INFORMATION SHOWN -
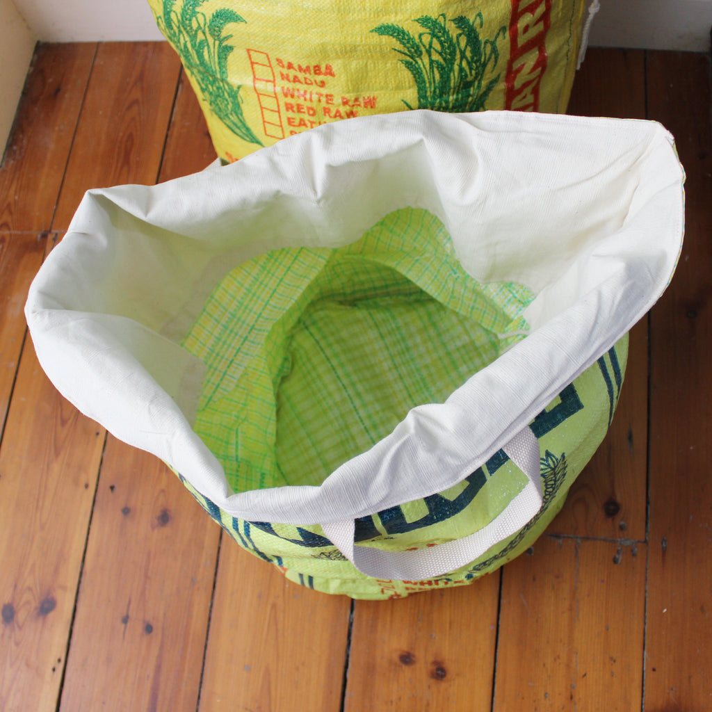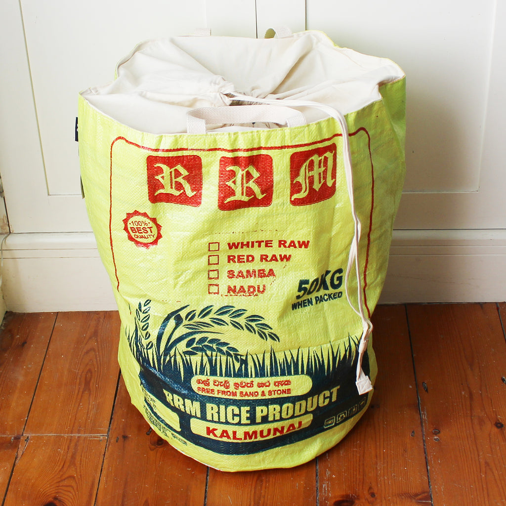 These extra large bags feature a cotton drawstring closure on the top and are roomy enough for the biggest laundry loads, or as storage for linen, towels and so on. Handmade by a Fair Trade company in Sri Lanka, they are a wonderful adaptation of the large sacks that are used across Asia to transport rice, grain and other commodities, which would otherwise get burnt or go to landfill waste dumps. Now they make excellent storage bags and provide employment at a fair wage for the women who make them.
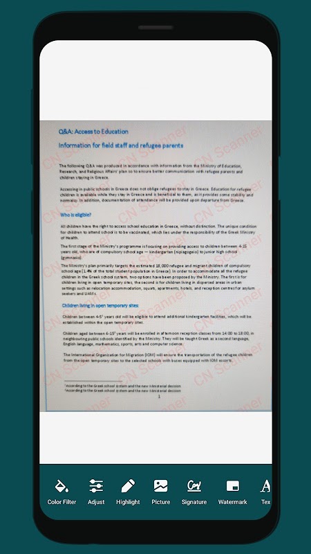 CN Scanner est un excellent outil pour numériser une variété de documents. Il s'agit d'une application de numérisation de documents PDF qui peut transformer votre téléphone en un scanner. Vous pouvez numériser n'importe quoi comme des photos, des documents, des reçus, etc.
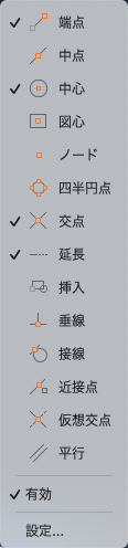 ステータス バーで[オブジェクト スナップ]を右クリックして、[設定]を選択します。
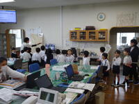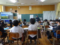 学校では、教職員の授業を互いに見合ってどのよな指導していけば子どもたちに力がつくかを議論しています。今日は、5年生の辻先生の授業を全職員で参観しました。5年生では、ICTを駆使した社会科の学習が行われて先生方も非常に参考になったことと思います(教頭 米澤)

WORK INSTRUCTION - Copy exactly the lines that run from the line containing "ステータス バーで[オブジェクト スナップ]を右クリックして、[設定]を選択します。" to the end of the data, keeping both end lines and dropping every picture.

WRITTEN RESPONSE -
 ステータス バーで[オブジェクト スナップ]を右クリックして、[設定]を選択します。
 学校では、教職員の授業を互いに見合ってどのよな指導していけば子どもたちに力がつくかを議論しています。今日は、5年生の辻先生の授業を全職員で参観しました。5年生では、ICTを駆使した社会科の学習が行われて先生方も非常に参考になったことと思います(教頭 米澤)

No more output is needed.